Published September 27, 2010
As a cradle-to-grave welfare state, Sweden has long been the northern light of liberals, the pole star of congressional progressives. And yet when the Social Democrats cast the recent election as a choice between tax breaks for the rich and more welfare, they were handed their worst electoral showing since 1914. By electing the four-party right-of-center coalition, Alliance for Sweden, voters opted for tax cuts. This unexpected Swedish victory is just the latest in an unprecedented run of success worldwide for fiscally conservative parties, beginning after the Greek debt crisis in April.
Since then, there have been eight elections in the developed world, six of which have been won by the right. In Central Europe, voters embraced center-right parties that pledged to reduce spending. The Czech Republic’s TOP 09 party fared well in May elections, as did Slovakia’s free-market Freedom and Solidarity party a month later. Results from Western Europe are even more telling, where in June Dutch voters gave their most fiscally conservative party, the People’s Party for Freedom and Democracy, its first ever victory.
Despite particular differences, a few common themes emerge from this record, themes with which American conservatives are certainly familiar but which they might do well to internalize in the weeks ahead.
First, cap and trade has proved to be a successful foil. For instance, in Australia Liberal leader Tony Abbott argued that cap and trade would hurt mining interests, an approach that enabled the coalition he led to pick up votes and seats in working-class, especially mining, districts. In the Western Sydney suburbs, Abbot told working-class voters it would significantly increase their electricity bills. Even as green parties increased their share of the Australian vote, the Labor party shunned cap and trade and instead pledged multiparty talks on curbing greenhouse gas emissions.
Second, the Tea Party phenomenon is part of a surging populism worldwide, and traditional parties everywhere are feeling the crunch. The most attention has gone to anti-immigrant parties, like Geert Wilders’s Freedom party, which nearly tripled its representation in the Dutch parliament, or the far-right Sweden Democrats, which entered parliament for the first time. But there is also the populism that issues from frustration with an unresponsive, and fiscally irresponsible, ruling class. Accordingly, new parties pushing fiscal conservatism form the backbone of the Czech and Slovak governments. In the United Kingdom both currents did better than they have before. Both the United Kingdom Independence party, a fiscally conservative party, and the anti-immigrant British National party, siphoned votes away from Cameron.
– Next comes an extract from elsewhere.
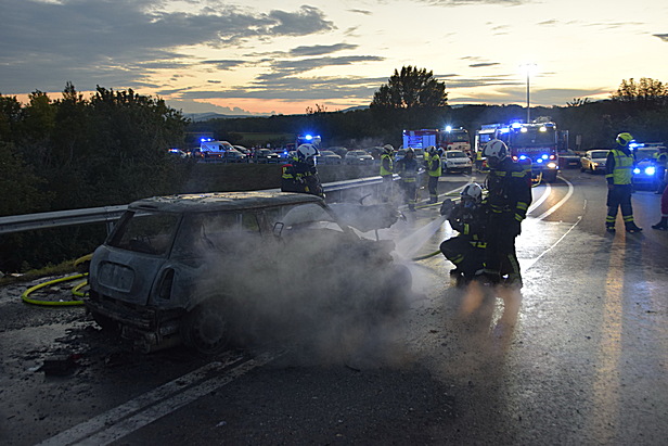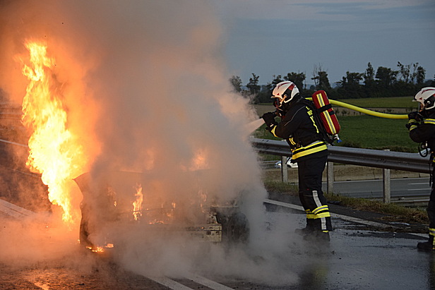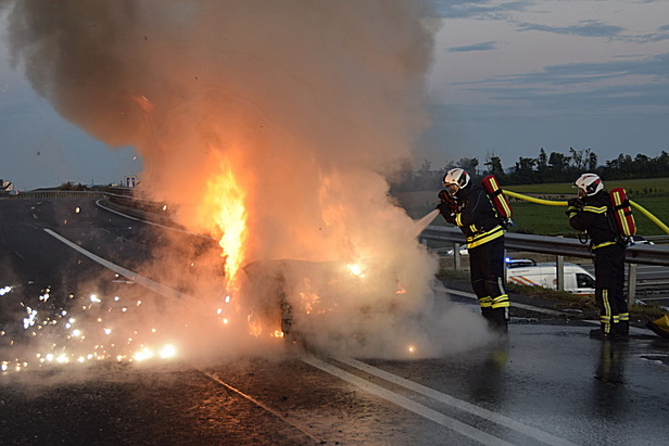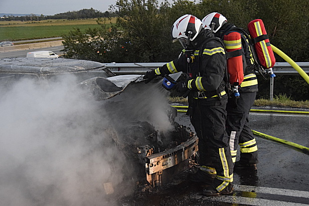 Aus bisher unbekannter Ursache geriet kurz nach 19:00 Uhr ein PKW am 12. September 2021 auf der Rampe zur Südostautobahn (A3) am Knoten Guntramsdorf in Brand.

Nonetheless, despite voters’ fiscal conservatism, they do not want to uproot entirely the welfare state. Australia’s Abbott started his campaign by pledging not to reintroduce WorkChoices, a law deregulating labor markets passed by the last Liberal prime minister, John Howard, which proved so unpopular that voters toppled Howard’s government despite a booming economy. In Sweden, Prime Minister Fredrik Reinfeldt’s right-wing New Moderates party has successfully argued that lowering taxes, increasing the number of Swedes at work, and decreasing those on the welfare rolls is the best way to pay for Sweden’s social model.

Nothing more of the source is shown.